By all means, hijack it. I hate being called a centrist by people I'm actually to the left of, especially when they're new to politics and don't know shit about anything. There's a huge difference between being a centrists and being pragmatic, and if you lack the latter you'll rarely ever get things done. 

Well, since you ask.

My complaint is not with "identity politics"--in my view, that's hardly a new phenomenon--but the way that critical thinking seems to have become quite unwelcome among the leftist/progressive/whatever set. Reparations are a good example; if you try to analyze the policy value of such a program you are immediately castigated for being unsympathetic, racist, un-woke, whatever, and other lefties scamper away, you get cancelled, which shuts down conversation and the policy thus goes without analysis. We are left only with the doctrine Reparations Are Good, which may or may not be true, but we have no idea know why they are good policy--or are not. We're just supposed to accept that they are, which sounds a lot like religion to me.

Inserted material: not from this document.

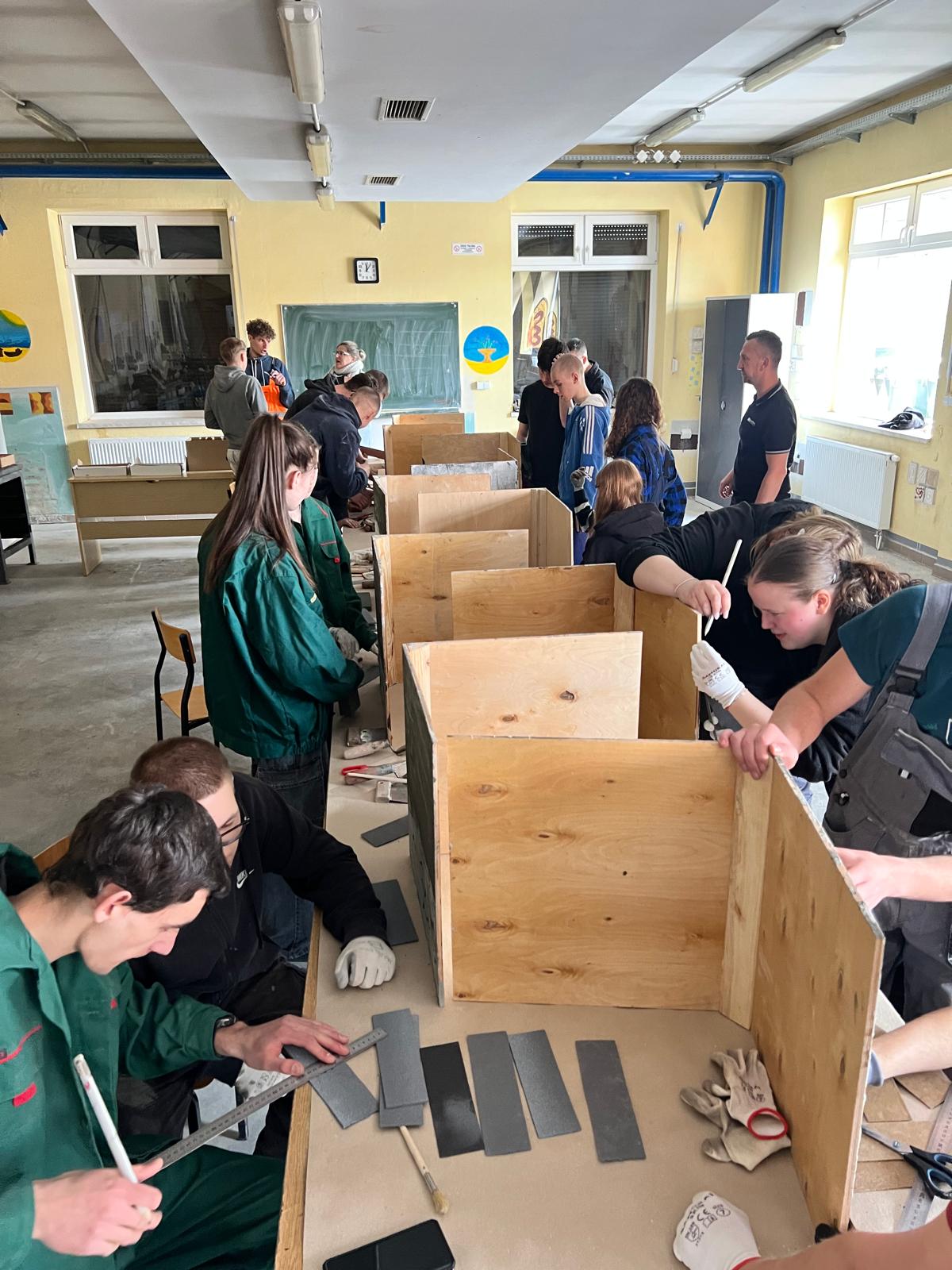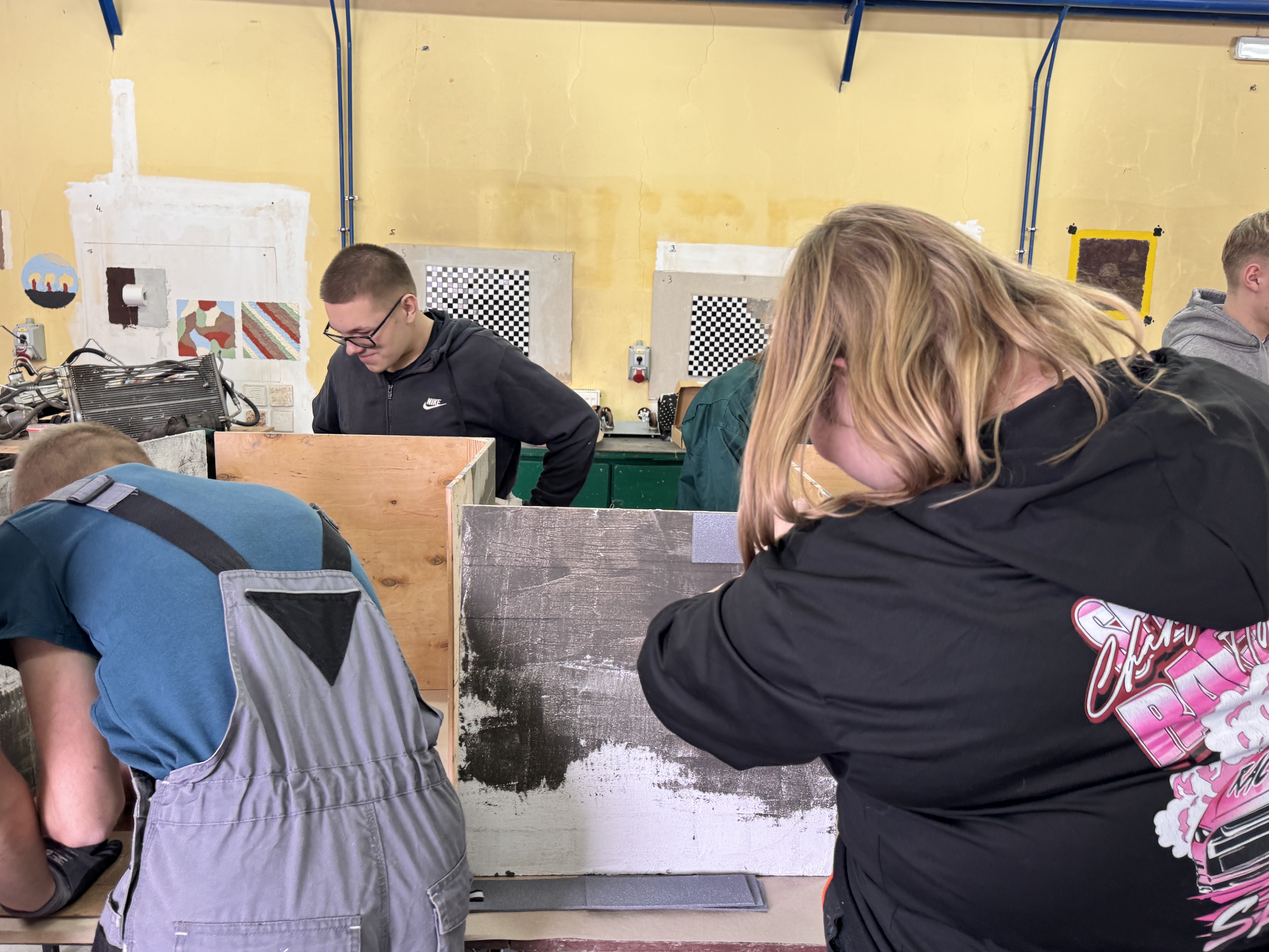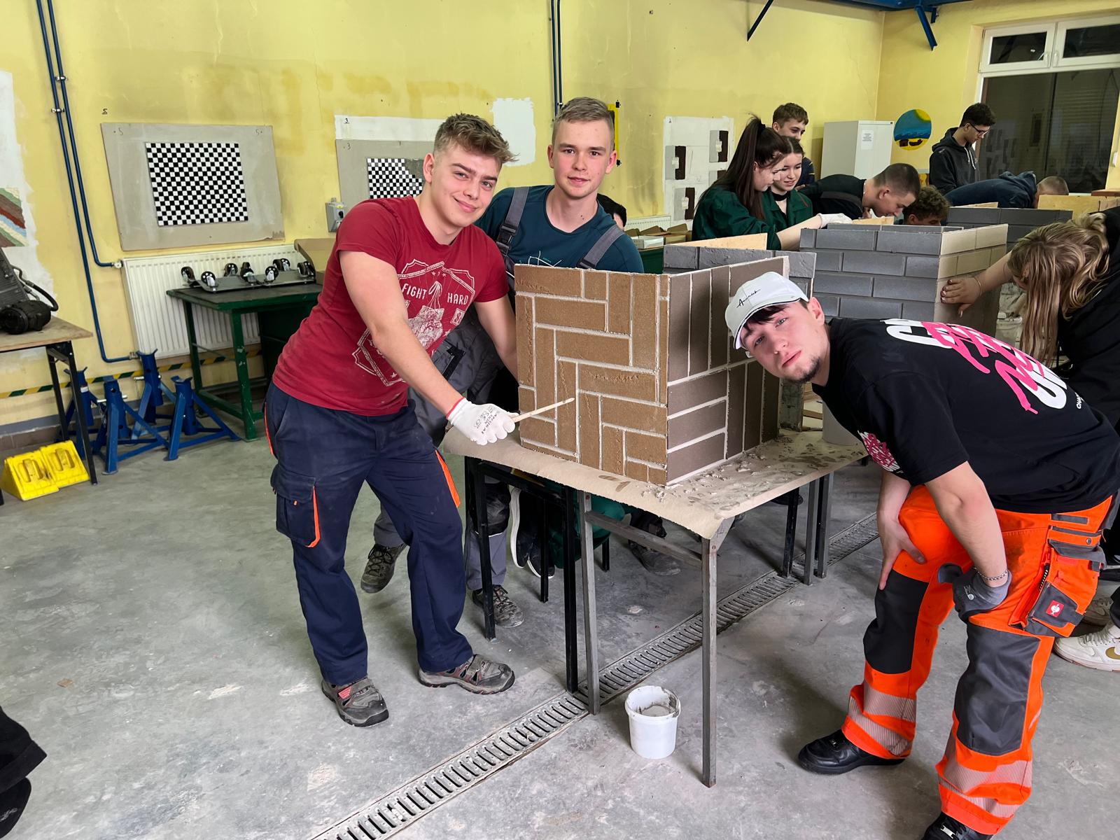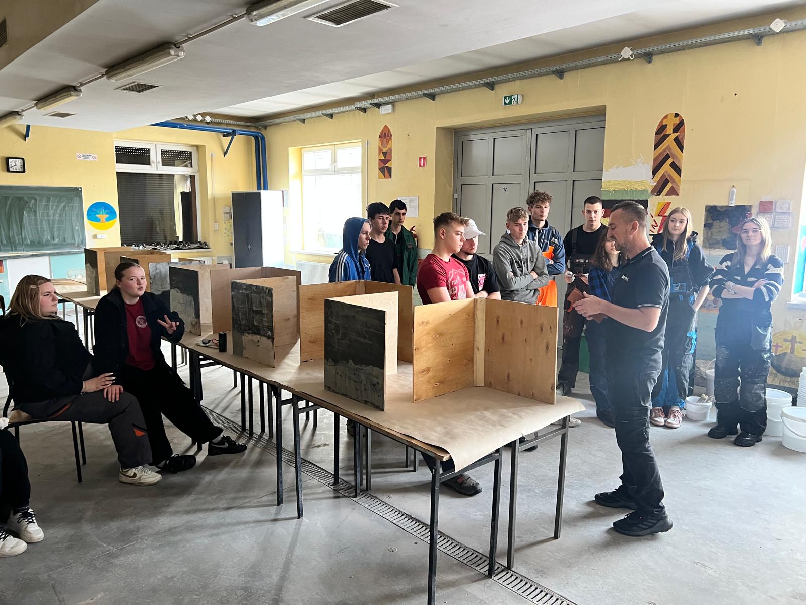 Druga część miała charakter warsztatowy. Pod okiem specjalistów młodzież samodzielnie ćwiczyła układanie płytek, dzięki czemu mogła sprawdzić, jak wygląda praca z nowoczesnym materiałem w praktyce.

What I'm getting at is that if we on the left can't have discussions, we can't be successful. That's not to say these discussions shouldn't be suitably sensitive, but they've got to happen. We're already told, again by doctrine, that conversations about, say, white supremacy, will be uncomfortable and that's OK, but we have difficulty holding equally uncomfortable explorations about why some of our core beliefs might be wrong.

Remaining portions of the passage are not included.